The roll pairs 21 to 28 have an eight-stage configuration, and the composite cross-section member 1 is formed separately in first to eighth steps. The roll pairs 21 to 28 at the respective stages include upper rolls 21a to 28a and lower rolls 21b to 28b. The upper rolls 21a to 25a are provided with convex portions 21c to 25c having convex shapes toward the lower rolls 21b to 25b. The lower rolls 21b to 25b have concave portions 21d to 25d in complementary shapes with the convex portions 21c to 25c. The upper rolls 21a to 28a and the lower rolls 21b to 28b are rotatably journaled and driven to rotate by a drive mechanism (not shown). The steel sheet 2 fed to the roll pairs 21 to 28 is sandwiched between the upper rolls 21a to 28a and the lower rolls 21b to 28b, which are driven to rotate, and is formed into a predetermined cross-sectional shape. In the present embodiment, the upper rolls 21a to 28a and the lower rolls 21b to 28b are arranged in a vertical direction, but a side roll may be additionally arranged in a horizontal direction to form the steel sheet 2. Note that the upper rolls 21a to 28a and the lower rolls 21b to 28b include the descriptions of “upper” and “lower” as names, but these are names for convenience, and the upper rolls 21a to 28a and the lower rolls 21b to 28b are not necessarily arranged in the vertical direction. For example, the upper rolls 21a to 28a and the lower rolls 21b to 28b may be rotated by 90 degrees in front view, namely, arranged in the horizontal direction.

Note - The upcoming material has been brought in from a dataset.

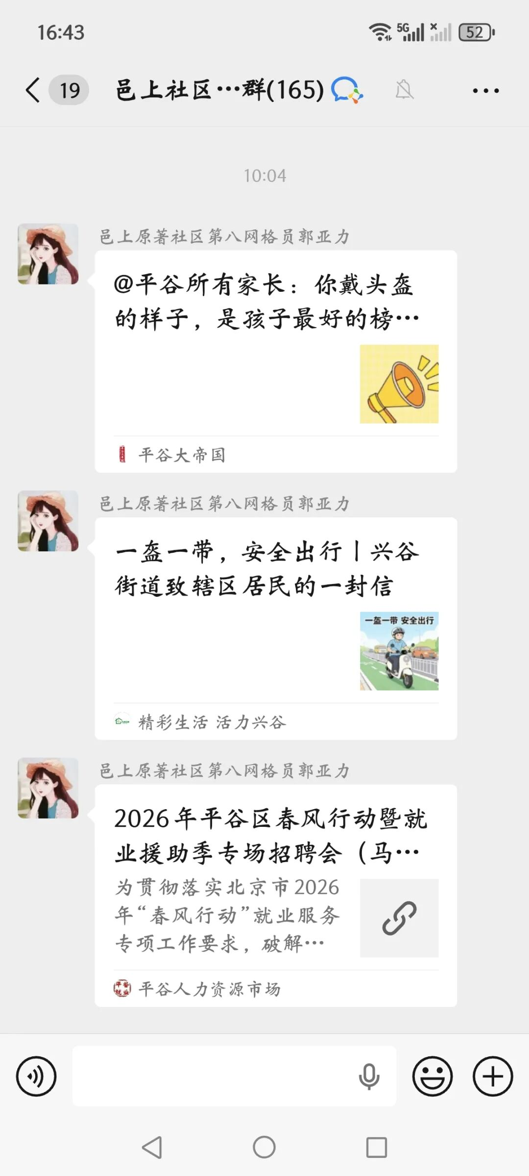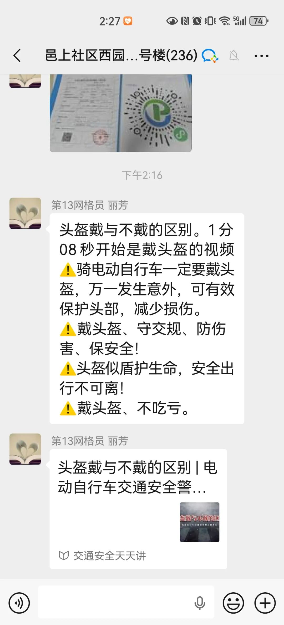 同时,聚焦老年人、未成年人等重点群体开展“一对一”温馨提示,细致讲解出行注意事项,叮嘱家人相互提醒、相互监督,自觉遵守交通法规,争做文明出行的践行者与守护者。社区坚持宣传常态化,除依托居民群每日线上推送安全提示外,还在小区出入口通过小喇叭循环播放宣传内容,让安全意识时刻伴随居民左右。

In the present embodiment, the robot arm (core insertion unit) 30 for inserting the core 3 is provided between the second and third stage roll pairs 22, 23. The robot arm 30 includes a grip unit 31, an arm 32, and an operation unit 33. The grip unit 31 is disposed at the lower end of the robot arm 30 and is a portion that grips the core 3. One end of the arm 32 is connected to the grip unit 31, and the other end is connected to the operation unit 33. The operation unit 33 is a portion that operates the arm 32 and causes the grip unit 31 connected to the arm 32 to move vertically and rotate. Therefore, the robot arm 30 can insert the core 3 into the steel sheet 2 being formed at an arbitrary position and angle (cf.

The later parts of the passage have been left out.